Array. The `deviceQuery`

above says that I have a total amount of 14 MPs on this GPU but I still get error messages like this

```
ERROR: LoadError: CUDA error: an illegal instruction was encountered (code #715, ERROR_ILLEGAL_INSTRUCTION)
Stacktrace:
[1] #upload!#10(::Bool, ::Function, ::CUDAdrv.Mem.Buffer, ::Ptr{Float64}, ::Int64, ::CuStream) at C:\Users\Noobie\.julia\packages\CUDAdrv\JWljj\src\base.jl:147
[2] upload! at C:\Users\Noobie\.julia\packages\CUDAdrv\JWljj\src\memory.jl:229 [inlined] (repeats 2 times)
[3] unsafe_copyto! at C:\Users\Noobie\.julia\packages\CuArrays\PD3UJ\src\array.jl:161 [inlined]
[4] copyto!(::CuArray{Float64,1}, ::Array{Float64,1}) at C:\Users\Noobie\.julia\packages\GPUArrays\t8tJB\src\abstractarray.jl:110
[5] CuArray{Float64,1}(::Array{Float64,1}) at C:\Users\Noobie\.julia\packages\CuArrays\PD3UJ\src\array.jl:85
[6] CuArray(::Array{Float64,1}) at C:\Users\Noobie\.julia\packages\CuArrays\PD3UJ\src\array.jl:95
[7] top-level scope at none:0
in expression starting at C:\Users\Noobie\Documents\TESTJULIAGPU\inital_data.jl:31
```

Is it possible that I missed something? Or did I confound my threads/blocks organization? Im relatively new at GPU programming but I thought I got the underlying basics… which is obviously not case. It would be great if someone can tell me what is my misstake here.
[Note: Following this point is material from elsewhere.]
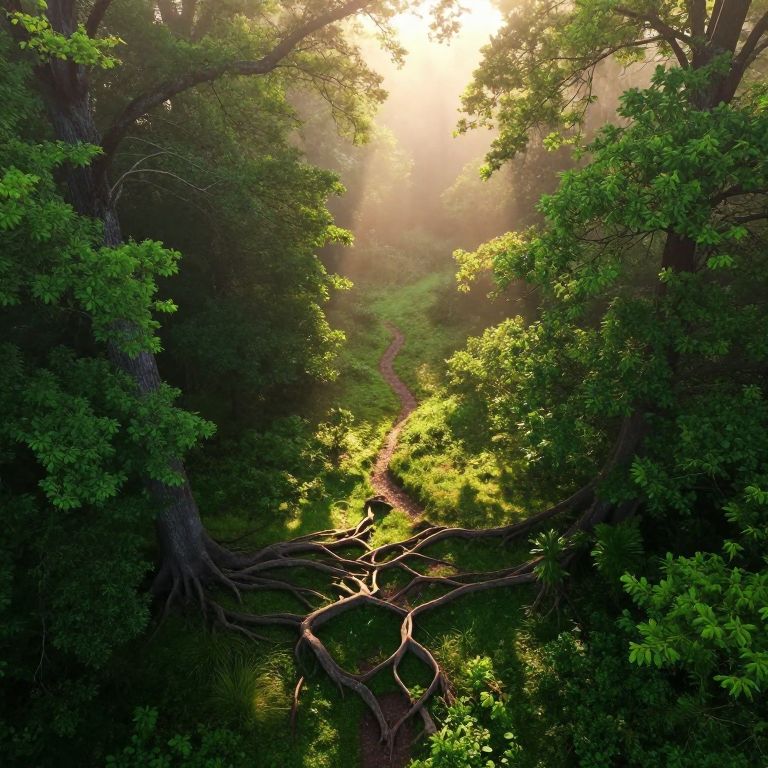Photograph of a lush forest scene at dawn. Sunlight filters through dense, vibrant green foliage, creating a radiant glow. A winding dirt path, bordered by large, intertwining tree roots, leads into the distance. The tree roots are dark brown and gnarled, contrasting with the bright green leaves. The light creates a misty effect in the background, enhancing the depth and serenity of the forest. The overall composition evokes a sense of tranquility and natural beauty. The sunlight highlights the texture of the leaves and roots, adding a dynamic interplay of light and shadow.

So I know that is maybe not the most efficient method to generate this data (when you have performance improvement tips I’m open and thankful for your comments) but I think, at least it should work.

Further, I want to use the full potential of my GPU, so I want to run the kernel at all MPs so it must be possible to calculate 7 slices of my 3D Array at once, is this possible at all?